00:32:27.09 Over there, I show you in red, orange, and yellow three structures which from this one.
00:32:34.17 from adenylate kinase, from this kinase, in the resting state, meaning there's no substrate bound.
00:32:39.24 What you can see is that the lids are already partially closing.
00:32:44.01 So, what we had were three molecules in the asymmetric unit cell, and they had different structures.
00:32:49.27 And they moved exactly along the trajectory where it should go during catalysis,
00:32:55.04 which is the green structure.
00:32:56.11 So, there's a partial closure already, directly along the direction where it wants to go
00:33:02.08 during catalysis.
00:33:03.22 So, the question is, of course, crystallography gets us snapshots but not timescales.
00:33:08.20 That's why the used molecular dynamics simulations to ask the question, what is the timescale
00:33:15.00 of this kind of motion?
00:33:16.12 And it turns out these partial lid closures happens in the nanosecond timescale.

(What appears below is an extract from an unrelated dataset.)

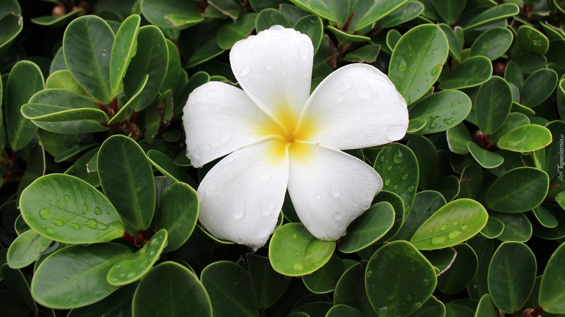 Edytor tapety: Kwiat plumerii na zielonych listkach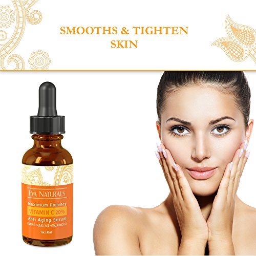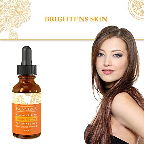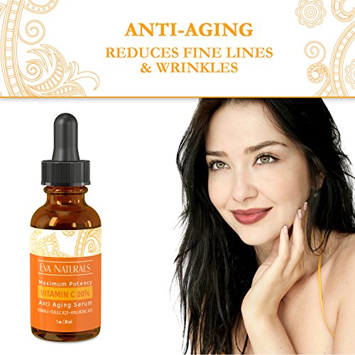 - Title : Eva Naturals Vitamin C Serum 20% for Face, Anti-Aging Formulation with Ferulic & Hyaluronic Acid, Vitamin E (1 oz)

00:33:20.20 All good. except we did one too many experiments.
00:33:24.06 We actually now looked at this free enzyme by NMR spectroscopy I just showed you.
00:33:29.13 And what we found there was that there's motion on the millisecond timescale.
00:33:33.15 That's orders of magnitude slower.
00:33:34.27 So, what are we missing?
00:33:37.13 So, again, our single molecule FRET experiments answered that question, because what we
00:33:41.27 could see. that, in real time, the enzyme indeed is doing a full closure but it is much slower.
00:33:48.00 So, in other words, you have a picture where you have fast timescale partial closure,
00:33:54.25 and then a rare event, which is much slower, of full closure.
00:34:02.26 Which brings me to this. to the. to the beginning of my talk, to talk about the
00:34:08.27 hierarchy in space and time.
00:34:10.21 What do I mean, the hierarchy in space in time?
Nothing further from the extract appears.